▸ Work instructions:
Transcribe the records that follow exactly. Skip the pictures.

▸ Collection entries:
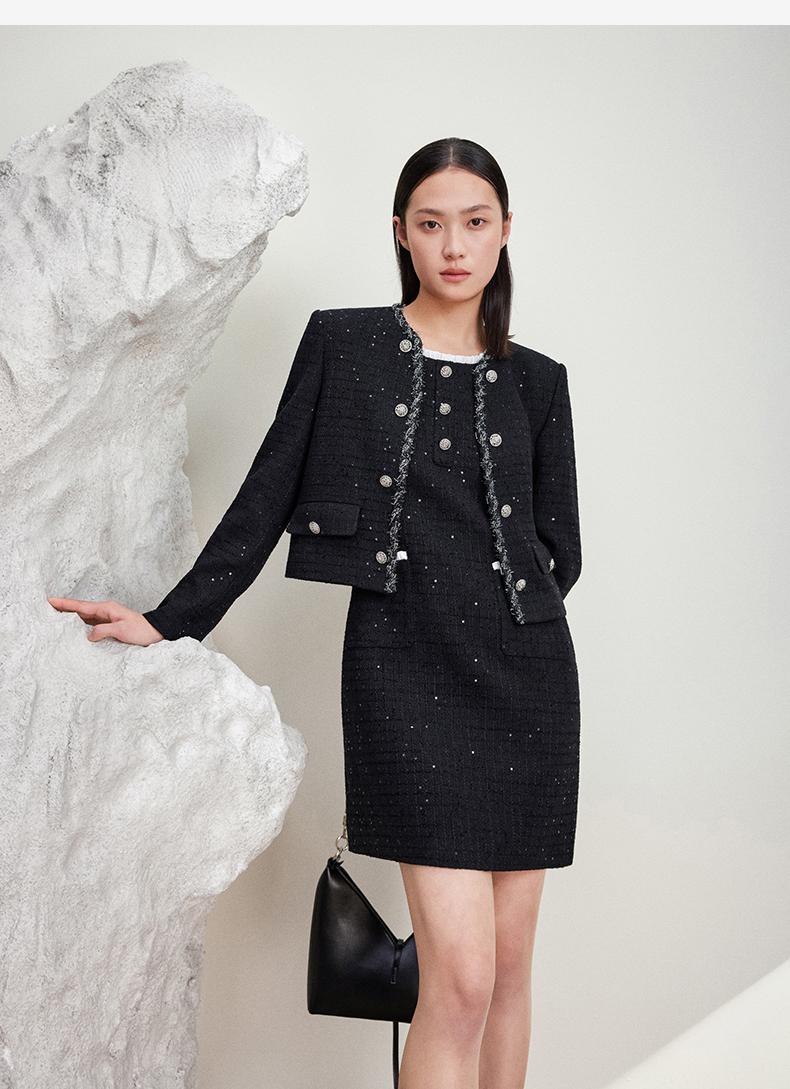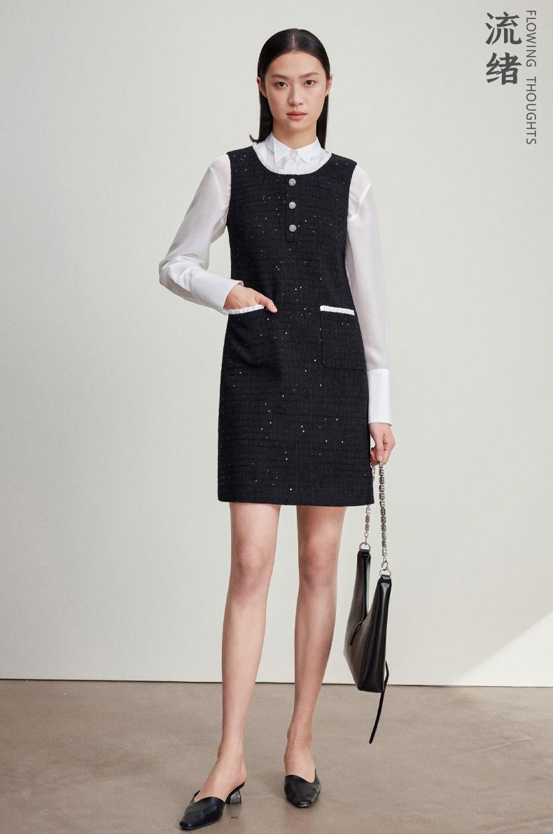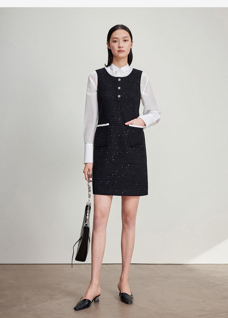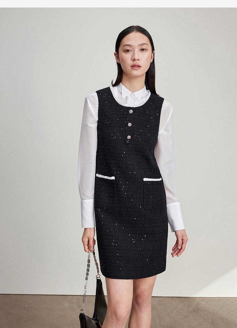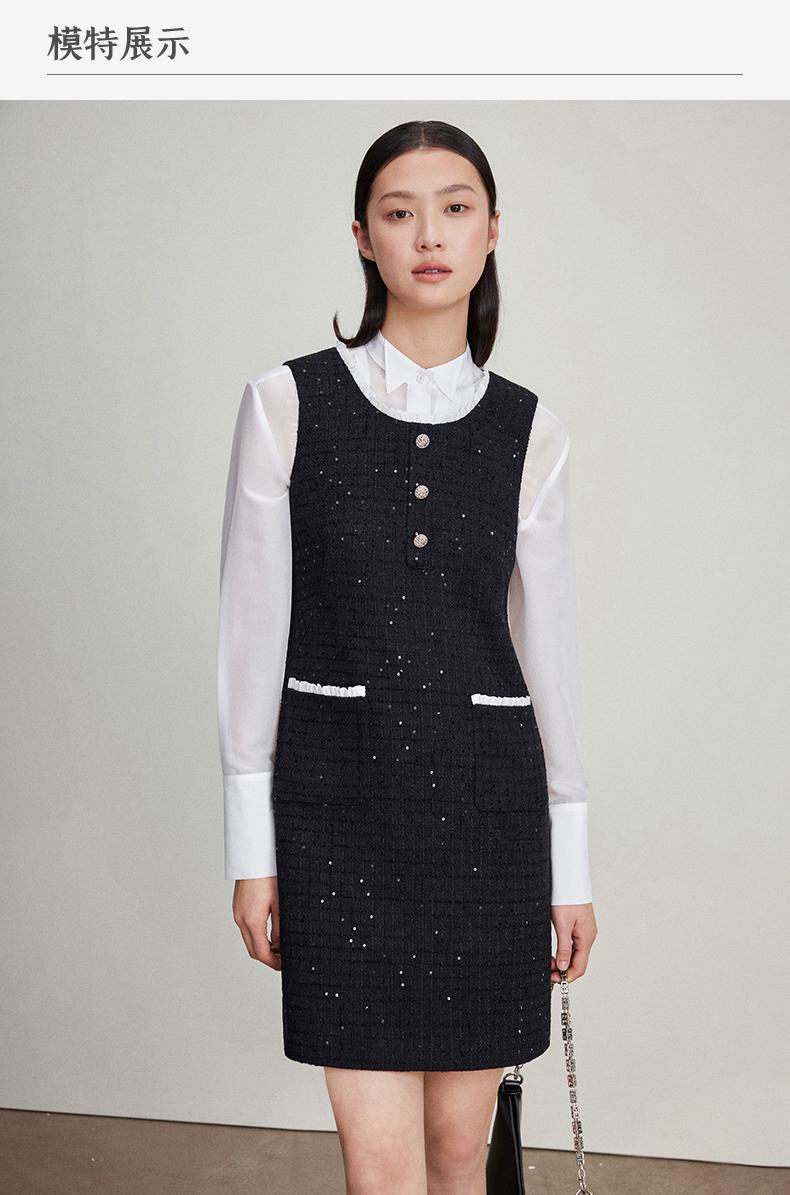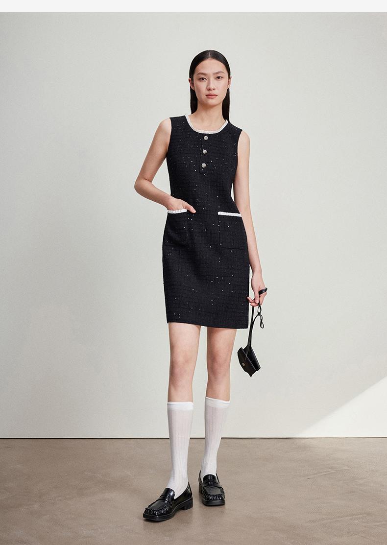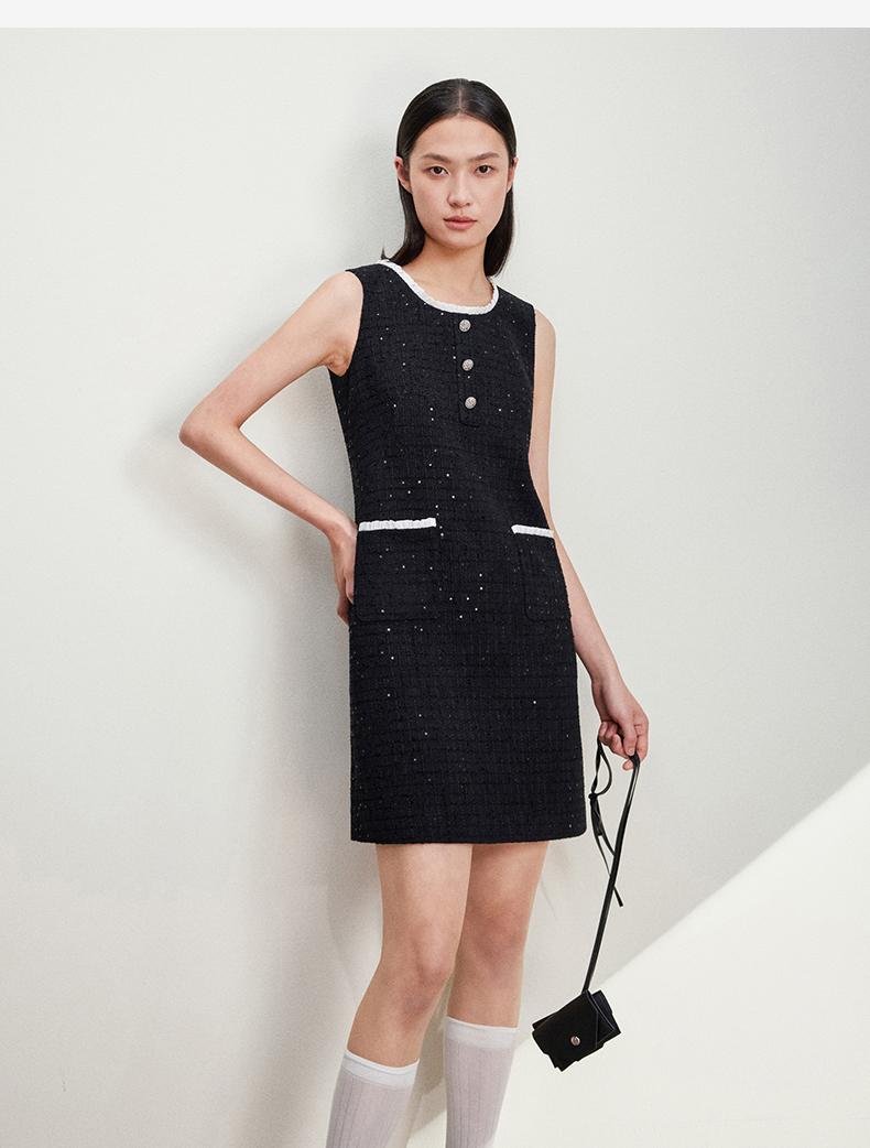 西嘉C+IMPRESS/西嘉暗格肌理亮片黑色小香风背心裙女荷叶边领口连衣裙LYQ2401066
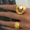 Brass Plated Real Gold Niche Design Abstract Art Pearl Ring Fashionable Hollow Curve Joint Ring 678
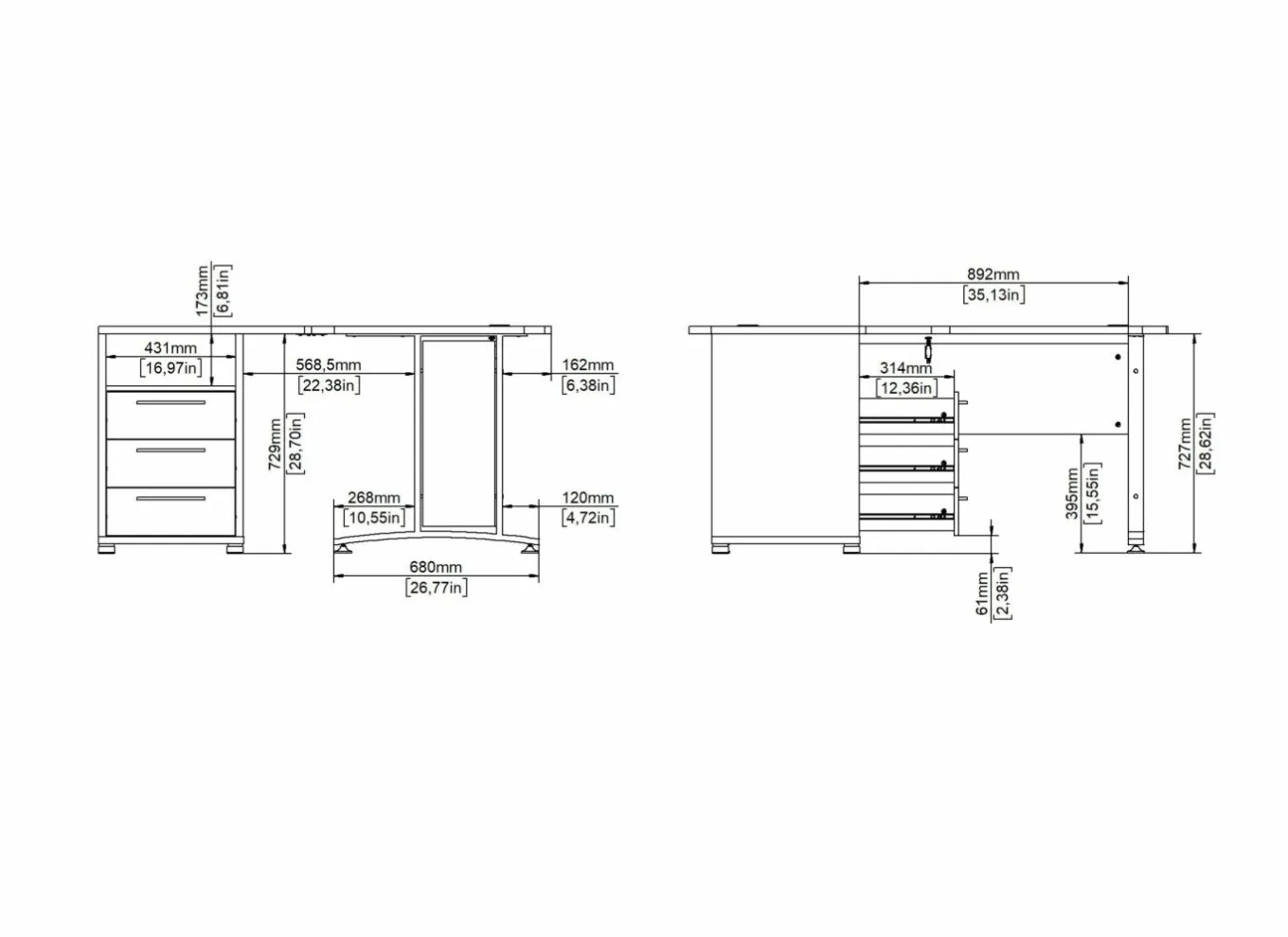 | Materiaal | Meubelplaat afgewerkt met melamine |
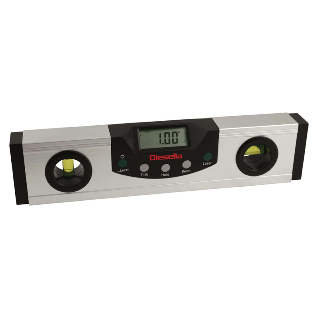 Elektronisk vaterpas med krydslaser og LED lys - måler i grader eller procenter. Måler vinkler i 0,10 trin, HOLD funktion, automatisk vending af tal for nem og hurtig aflæsning, autosluk efter 5 min., nulstilling, ABS funktion, husker 0-punkt. Måleområde: 4 x 90° (360°); 4 x 100%. Er udstyret med magneter i bunden. Leveres med stoftaske samt 1 stk. batteri E/ 9V.
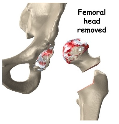 Bước 1: Cắt bỏ phần xương và sụn khớp của xương đùi bị tổn thương. Các bác sỹ sẽ cắt bỏ phần chỏm và cổ xương đùi đến gần nền cổ xương đùi.
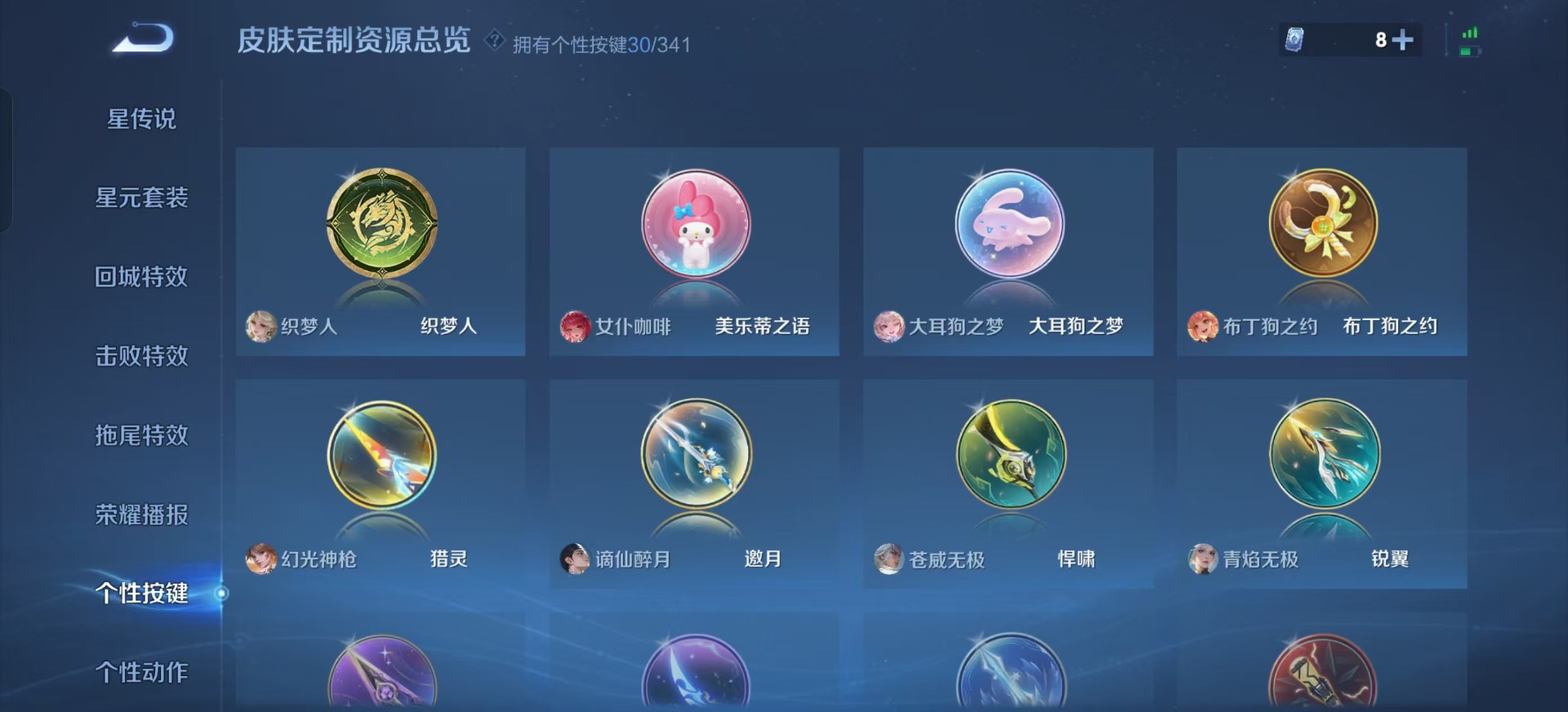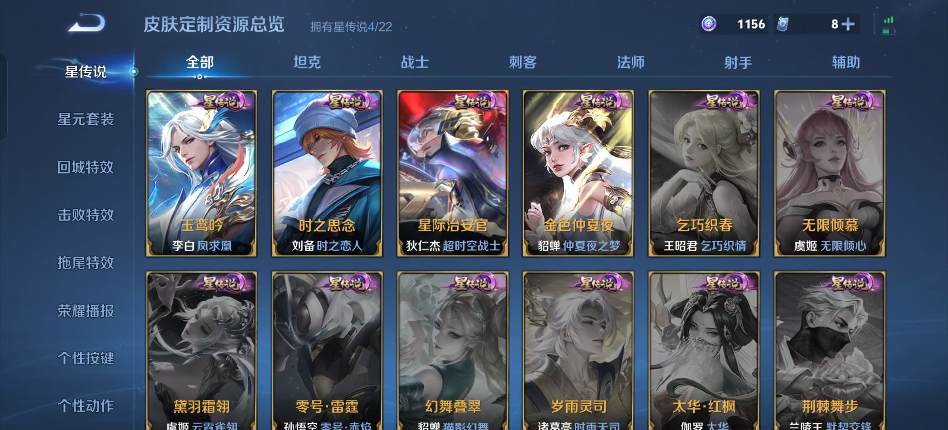 大乔猫狗日记,高渐离燃音魔法,大乔乘龙·忆丹青,海诺心动手记,刘邦德古拉伯爵,夏侯惇乘风破浪,阿轲暗夜猫娘,阿轲节奏热浪,铠曙光守护者,曹操幽灵船长,廉颇地狱岩魂,伽罗箭羽风息,伽罗琥珀纪元,小乔缤纷独角兽,孙尚香时之恋人,孙策猫狗日记,不知火舞魅语,海月浮梦罗烟,赵怀真器灵·浮梦炉,鲁班七号电玩小子,项羽苍穹之光,吕布圣诞狂欢,吕布末日机甲,露娜紫霞仙子,诸葛亮黄金分割率,刘禅电玩·爆裂旋风,司马懿暗渊魔法,刘禅天才门将,刘禅绅士熊喵,宫本武藏鬼剑武藏,公孙离无限星赏官,兰陵王暗隐猎兽者,貂蝉圣诞恋歌,貂蝉唤灵魅影,李白谪仙醉月,花木兰水晶猎龙者,李白千年之狐,安琪拉心灵骇客,安琪拉乘龙·聚宝船,蒙犽百解令,艾琳奇遇舞章,杨戬天秀·启明,西施诗语江南,白起星夜王子,亚瑟心灵战警,嬴政摇滚巨星,嬴政暗夜贵公子,程咬金功夫厨神,百里玄策热力回旋,百里玄策原初追逐者,雅典娜冰冠公主,雅典娜黎明之约,韩信白龙吟,李元芳匿光侦查者,李元芳逐浪之夏,百里守约特工魅影,墨子龙骑士,墨子金属风暴,蔡文姬舞动绿茵,瑶遇见神鹿,蔡文姬电玩·兔顽号,澜赏金猎手,娜可露露晚萤,王昭君偶像歌手,嫦娥拒霜思,钟馗乐园奇幻夜,橘右京修罗
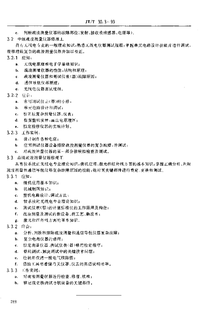 JT/T 30.3-1993 交通行业工人技术等级标准航道疏浚疏浚测量仪器修理工
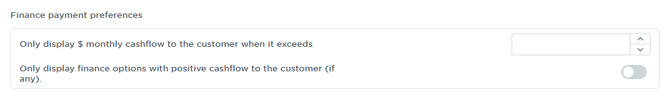This input field allows you to set a specific dollar threshold for monthly savings. The monthly cashflow figure will be hidden from the customer unless the calculated savings exceed this amount. - Only display finance options with positive cashflow to the customer (if any):

▸ Response:
 西嘉C+IMPRESS/西嘉暗格肌理亮片黑色小香风背心裙女荷叶边领口连衣裙LYQ2401066
 Brass Plated Real Gold Niche Design Abstract Art Pearl Ring Fashionable Hollow Curve Joint Ring 678
 | Materiaal | Meubelplaat afgewerkt met melamine |
 Elektronisk vaterpas med krydslaser og LED lys - måler i grader eller procenter. Måler vinkler i 0,10 trin, HOLD funktion, automatisk vending af tal for nem og hurtig aflæsning, autosluk efter 5 min., nulstilling, ABS funktion, husker 0-punkt. Måleområde: 4 x 90° (360°); 4 x 100%. Er udstyret med magneter i bunden. Leveres med stoftaske samt 1 stk. batteri E/ 9V.
 Bước 1: Cắt bỏ phần xương và sụn khớp của xương đùi bị tổn thương. Các bác sỹ sẽ cắt bỏ phần chỏm và cổ xương đùi đến gần nền cổ xương đùi.
 大乔猫狗日记,高渐离燃音魔法,大乔乘龙·忆丹青,海诺心动手记,刘邦德古拉伯爵,夏侯惇乘风破浪,阿轲暗夜猫娘,阿轲节奏热浪,铠曙光守护者,曹操幽灵船长,廉颇地狱岩魂,伽罗箭羽风息,伽罗琥珀纪元,小乔缤纷独角兽,孙尚香时之恋人,孙策猫狗日记,不知火舞魅语,海月浮梦罗烟,赵怀真器灵·浮梦炉,鲁班七号电玩小子,项羽苍穹之光,吕布圣诞狂欢,吕布末日机甲,露娜紫霞仙子,诸葛亮黄金分割率,刘禅电玩·爆裂旋风,司马懿暗渊魔法,刘禅天才门将,刘禅绅士熊喵,宫本武藏鬼剑武藏,公孙离无限星赏官,兰陵王暗隐猎兽者,貂蝉圣诞恋歌,貂蝉唤灵魅影,李白谪仙醉月,花木兰水晶猎龙者,李白千年之狐,安琪拉心灵骇客,安琪拉乘龙·聚宝船,蒙犽百解令,艾琳奇遇舞章,杨戬天秀·启明,西施诗语江南,白起星夜王子,亚瑟心灵战警,嬴政摇滚巨星,嬴政暗夜贵公子,程咬金功夫厨神,百里玄策热力回旋,百里玄策原初追逐者,雅典娜冰冠公主,雅典娜黎明之约,韩信白龙吟,李元芳匿光侦查者,李元芳逐浪之夏,百里守约特工魅影,墨子龙骑士,墨子金属风暴,蔡文姬舞动绿茵,瑶遇见神鹿,蔡文姬电玩·兔顽号,澜赏金猎手,娜可露露晚萤,王昭君偶像歌手,嫦娥拒霜思,钟馗乐园奇幻夜,橘右京修罗
 JT/T 30.3-1993 交通行业工人技术等级标准航道疏浚疏浚测量仪器修理工
This input field allows you to set a specific dollar threshold for monthly savings. The monthly cashflow figure will be hidden from the customer unless the calculated savings exceed this amount. - Only display finance options with positive cashflow to the customer (if any):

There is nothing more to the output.